ギターを弾くってなんだかかっこいいし、それでいてセクシーな気がする。
それはギターや音楽に魅了されて始めるものとは違って下心全開で、自分がキャーキャー言われるための道具でしかない。
きっかけはともかく、そこから音楽に魅了されプロのミュージシャンになった人だっている。

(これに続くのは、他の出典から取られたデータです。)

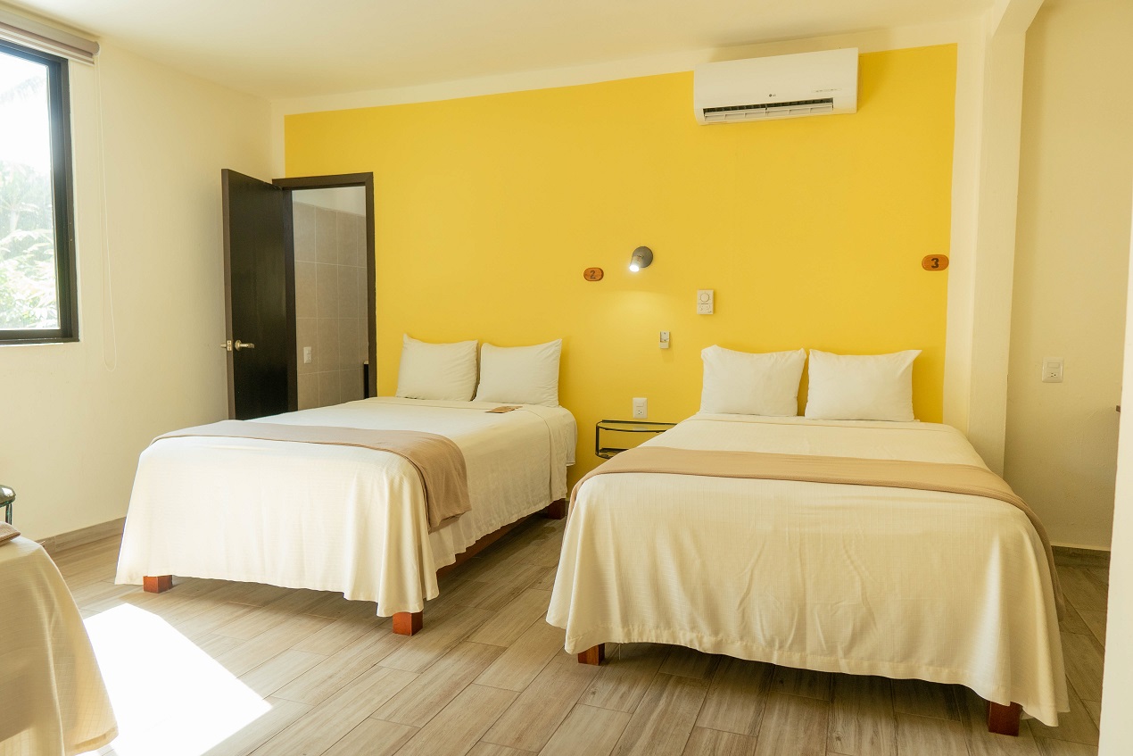 Habitación Cuádruple:Habitación con dos camas matrimoniales equipada con Internet, baño privado, televisión de pantalla plana de 32", y aire acondicionado.
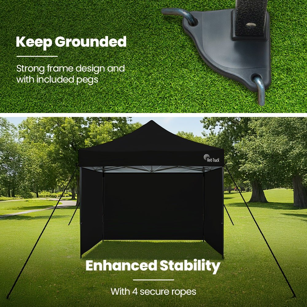 RED TRACK 3x3m Premium Pop Up Gazebo Marquee, Patented Steel Cable Canopy Support System, Wheeled Carry Bag, Side Walls, UV Block, Reinforced Frame, Black
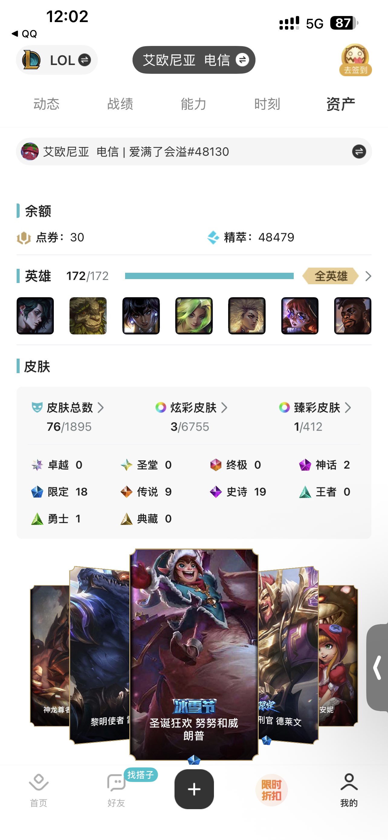 角色等级:127 角色名:爱满了会溢 排位赛:允许 单双排段位:英勇黄铜III 灵活组排段位:- 英雄数量:172 皮肤数量:76 分销起租时长:1 云顶段位:无段位 双人作战段位:无段位

いくつになっても無粋な欲、すなわち下心は人の中に雑草のごとく抜き取っても抜き取っても芽生えてくる。

自営業をしていると売り上げを作らないといけない。
お金をたくさん稼ぐことを目標にしている人はそれでいいんだろうけど、僕の場合、自分がいいと思うことや楽しいことをしながら生活が困窮しないように稼いでいくことを目標にしている。だから売り上げを作るために何かをしなければと考えるとても苦痛になってくる。
以前、ある商品がとてもよく売れることがあった。この仕事を始めたての
僕からすれば願ったり叶ったりの人気商品に化けかけている状態。このチャンスを逃しまいとせっせと制作をしているとなんだか気分が沈んでいく。
だめだだめだ、こんなチャンスを逃してはだめだと自分を奮いたたせながらも作れば作るほど気分が落ちていく。なんでだろうと思いながら考えているとワクワクしているものを作ってるのではなくてお金を作ってるような感覚になってる自分がいた。
美術作品を作ってる時に「武士は食わねど高楊枝」の気分で、お金のためにものを作ると作りたいものがわからなくなると思っていたこともあり、このままでは作家として終わってしまうと危機感を持ち、取引しているお店に謝ってその人気になりかけた商品をしばらく制作しないことにした。
すると憑き物が取れたような気持ちになり、売り上げが上がらない不安より作らさせられてるという思い気持ちがなくなり安心した。
いくらよく売れるとわかってても自分がワクワクしないのなら作るべきじゃないことを学んだのです。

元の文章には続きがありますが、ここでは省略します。